*Exercise material:*
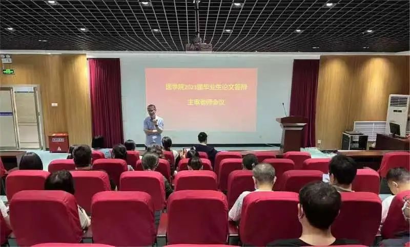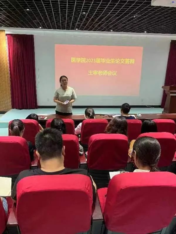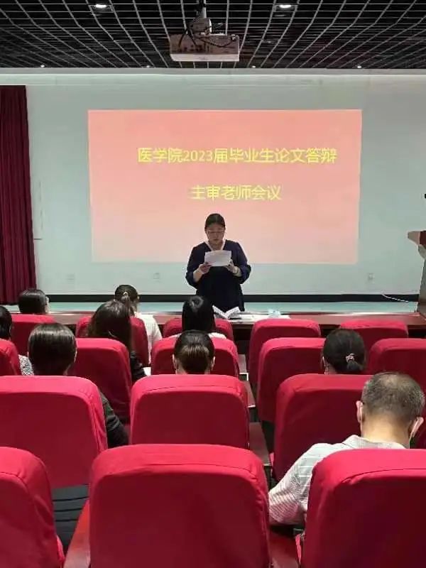 5月16日,医学院召开2023届毕业论文答辩主审老师会议。会议由医学院教务办组织,院长助理闫春生、教务办主任郝红英、药学系主任王丽、医学技术系主任张艳慧及毕业论文主审30多位老师参加会议。会议由教务办副主任裴岩岩主持。
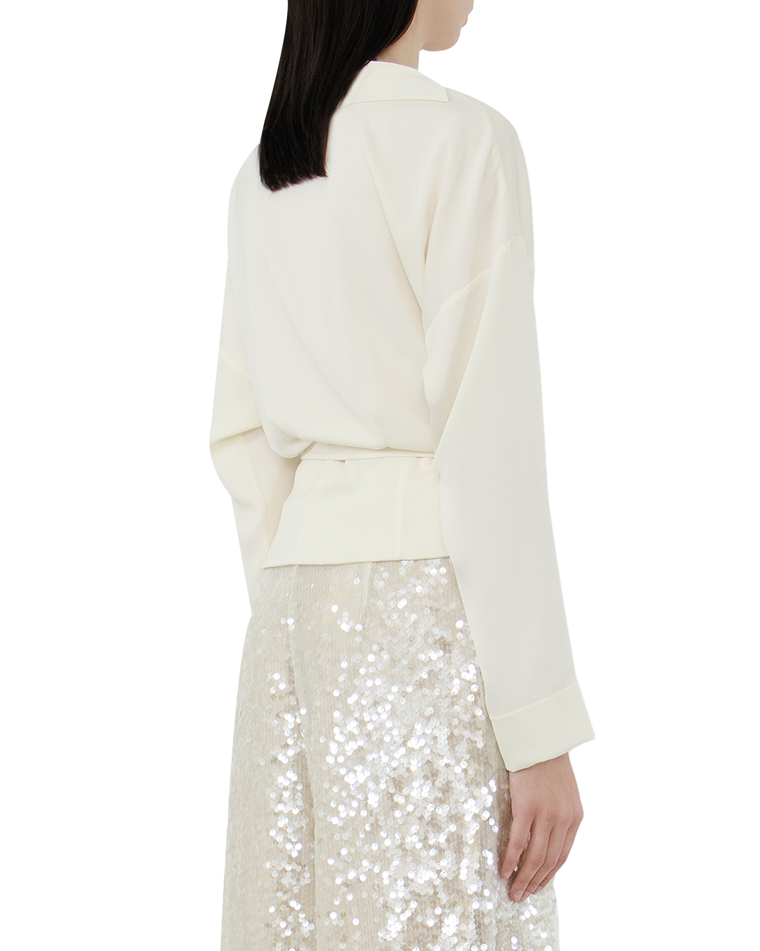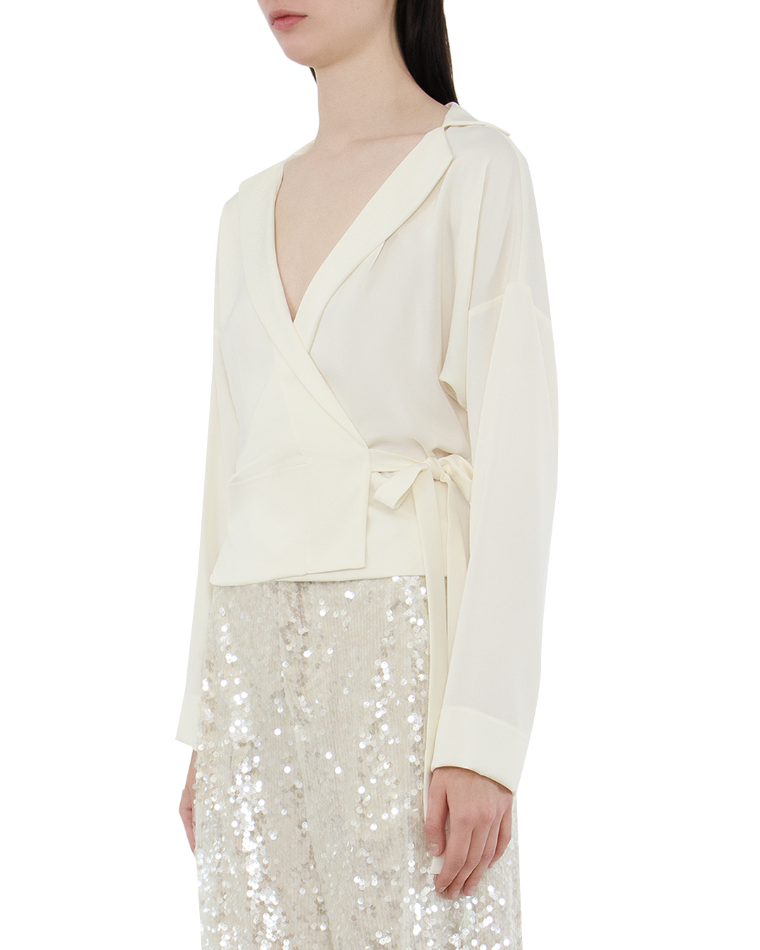 Эта блуза является воплощением утончённой элегантности и современного стиля. Она выполнена из нежного шёлкового материала, который с изяществом обрамляет контуры фигуры. Дизайн на запах добавляет актуальный и изысканный акцент, позволяя регулировать посадку и подчеркивая линию талии. Воротник-шалька придаёт модели уверенную строгость и изысканность, плавно переходя в глубокий V-образный вырез, который добавляет нотку женственности. Длинные рукава с мягкими манжетами создают классический силуэт, идеально подходящий для любой обстановки – от офиса до вечернего выхода. Нежная лента по бокам аккуратно завязывается, придавая блузе деликатный и утончённый вид. Эта блуза станет одним из ключевых элементов вашего гардероба, способным подчеркнуть индивидуальность и стиль.
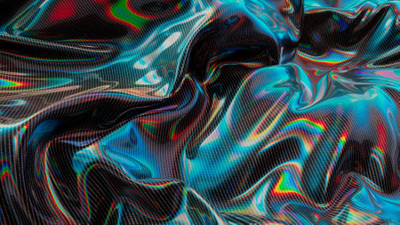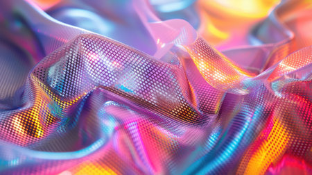 Colorful holographic surface with shimmering iridescent patterns and reflections
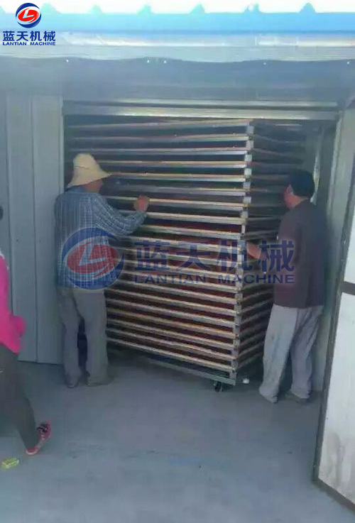 鮮果由于果內(nèi)的水分外滲,皮層聚集充分的非結(jié)合水分,這是因?yàn)楸砻娴乃魵鈮号c溫度氣壓基本相同,壓迫果實(shí)內(nèi)部水分很快移向表面以滿足表皮水分汽化的需要。果實(shí)內(nèi)失水率達(dá)到近50%時(shí),室內(nèi)溫度自然上升到50℃-55℃,循環(huán)風(fēng)速可有所下調(diào),果內(nèi)含水越少,脫水時(shí)間越短。此期歷時(shí)12小時(shí)左右。大量地脫水使果實(shí)體形縮小,即平常說的呈半干狀態(tài),此期稱重測水,果實(shí)內(nèi)含水30%左右。
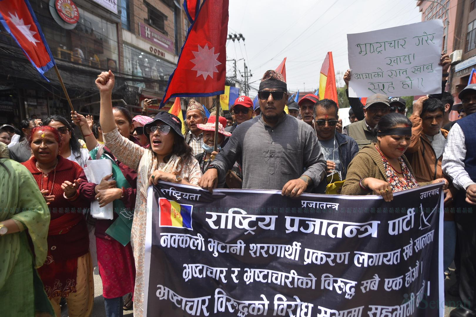 बिहीबार काठमाडौंको बसन्तपुरमा राप्रपाले प्रदर्शन गरेको हो। प्रदर्शनको क्रममा कार्यकर्ताले नक्कली भुटानी शरणार्थी प्रकरण लगायत सबैखालका भ्रष्टाचारविरूद्ध एक हौं भन्ने नारा समेत लगाएको छ।
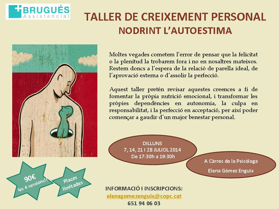 A continuació us passo la informació completa del programa del taller, així l’horari, el lloc on es realitzarà i el cost. També el linkweb des d’on podreu realitzar les vostres inscripcions

*Action item:* Without changing a single word, set down all of the material again and leave out its pictures.

*Answer below:*
 5月16日,医学院召开2023届毕业论文答辩主审老师会议。会议由医学院教务办组织,院长助理闫春生、教务办主任郝红英、药学系主任王丽、医学技术系主任张艳慧及毕业论文主审30多位老师参加会议。会议由教务办副主任裴岩岩主持。
 Эта блуза является воплощением утончённой элегантности и современного стиля. Она выполнена из нежного шёлкового материала, который с изяществом обрамляет контуры фигуры. Дизайн на запах добавляет актуальный и изысканный акцент, позволяя регулировать посадку и подчеркивая линию талии. Воротник-шалька придаёт модели уверенную строгость и изысканность, плавно переходя в глубокий V-образный вырез, который добавляет нотку женственности. Длинные рукава с мягкими манжетами создают классический силуэт, идеально подходящий для любой обстановки – от офиса до вечернего выхода. Нежная лента по бокам аккуратно завязывается, придавая блузе деликатный и утончённый вид. Эта блуза станет одним из ключевых элементов вашего гардероба, способным подчеркнуть индивидуальность и стиль.
 Colorful holographic surface with shimmering iridescent patterns and reflections
 鮮果由于果內(nèi)的水分外滲,皮層聚集充分的非結(jié)合水分,這是因?yàn)楸砻娴乃魵鈮号c溫度氣壓基本相同,壓迫果實(shí)內(nèi)部水分很快移向表面以滿足表皮水分汽化的需要。果實(shí)內(nèi)失水率達(dá)到近50%時(shí),室內(nèi)溫度自然上升到50℃-55℃,循環(huán)風(fēng)速可有所下調(diào),果內(nèi)含水越少,脫水時(shí)間越短。此期歷時(shí)12小時(shí)左右。大量地脫水使果實(shí)體形縮小,即平常說的呈半干狀態(tài),此期稱重測水,果實(shí)內(nèi)含水30%左右。
 बिहीबार काठमाडौंको बसन्तपुरमा राप्रपाले प्रदर्शन गरेको हो। प्रदर्शनको क्रममा कार्यकर्ताले नक्कली भुटानी शरणार्थी प्रकरण लगायत सबैखालका भ्रष्टाचारविरूद्ध एक हौं भन्ने नारा समेत लगाएको छ।
 A continuació us passo la informació completa del programa del taller, així l’horari, el lloc on es realitzarà i el cost. També el linkweb des d’on podreu realitzar les vostres inscripcions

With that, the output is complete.